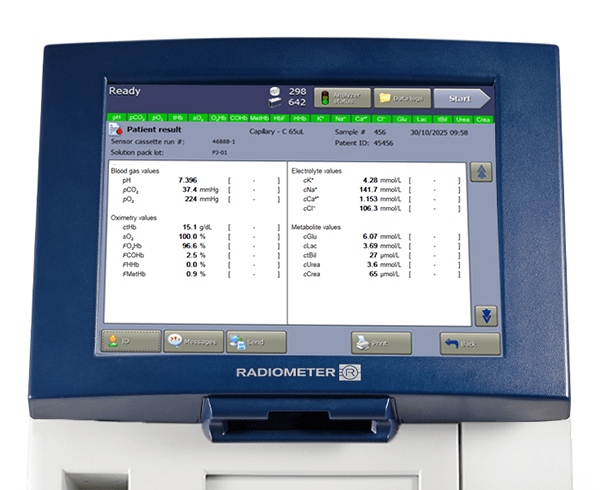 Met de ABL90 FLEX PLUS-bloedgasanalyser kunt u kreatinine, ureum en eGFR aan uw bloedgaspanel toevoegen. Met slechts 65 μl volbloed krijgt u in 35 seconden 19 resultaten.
=-=-=-=-=
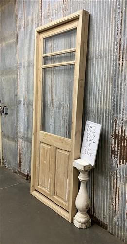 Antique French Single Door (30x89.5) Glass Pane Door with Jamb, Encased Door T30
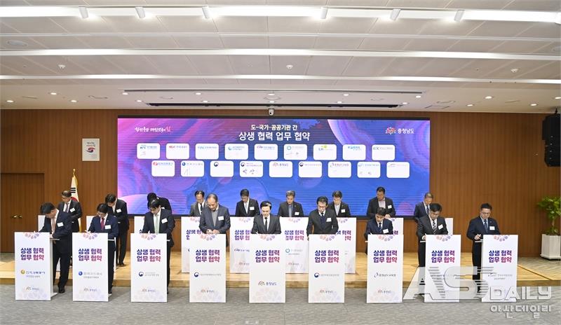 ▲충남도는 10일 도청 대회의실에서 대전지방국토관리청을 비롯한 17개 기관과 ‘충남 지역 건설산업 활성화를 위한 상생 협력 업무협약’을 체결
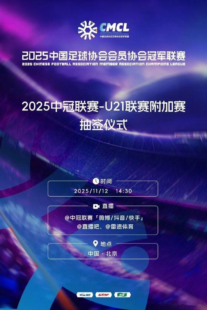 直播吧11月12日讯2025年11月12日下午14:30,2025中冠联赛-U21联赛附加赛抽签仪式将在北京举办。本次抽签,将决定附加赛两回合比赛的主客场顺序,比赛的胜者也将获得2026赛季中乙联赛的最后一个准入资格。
=-=-=-=-=
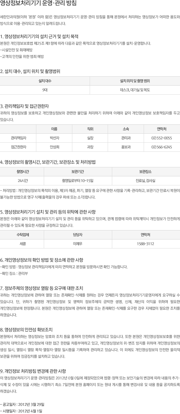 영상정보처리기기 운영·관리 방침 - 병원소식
=-=-=-=-=
Everything above from the line containing "협력 업무협약’을 체결" down to the line containing "直播吧11月12日讯2025" is to be duplicated exactly, both lines included, and the pictures are to be omitted.

 ▲충남도는 10일 도청 대회의실에서 대전지방국토관리청을 비롯한 17개 기관과 ‘충남 지역 건설산업 활성화를 위한 상생 협력 업무협약’을 체결
 直播吧11月12日讯2025年11月12日下午14:30,2025中冠联赛-U21联赛附加赛抽签仪式将在北京举办。本次抽签,将决定附加赛两回合比赛的主客场顺序,比赛的胜者也将获得2026赛季中乙联赛的最后一个准入资格。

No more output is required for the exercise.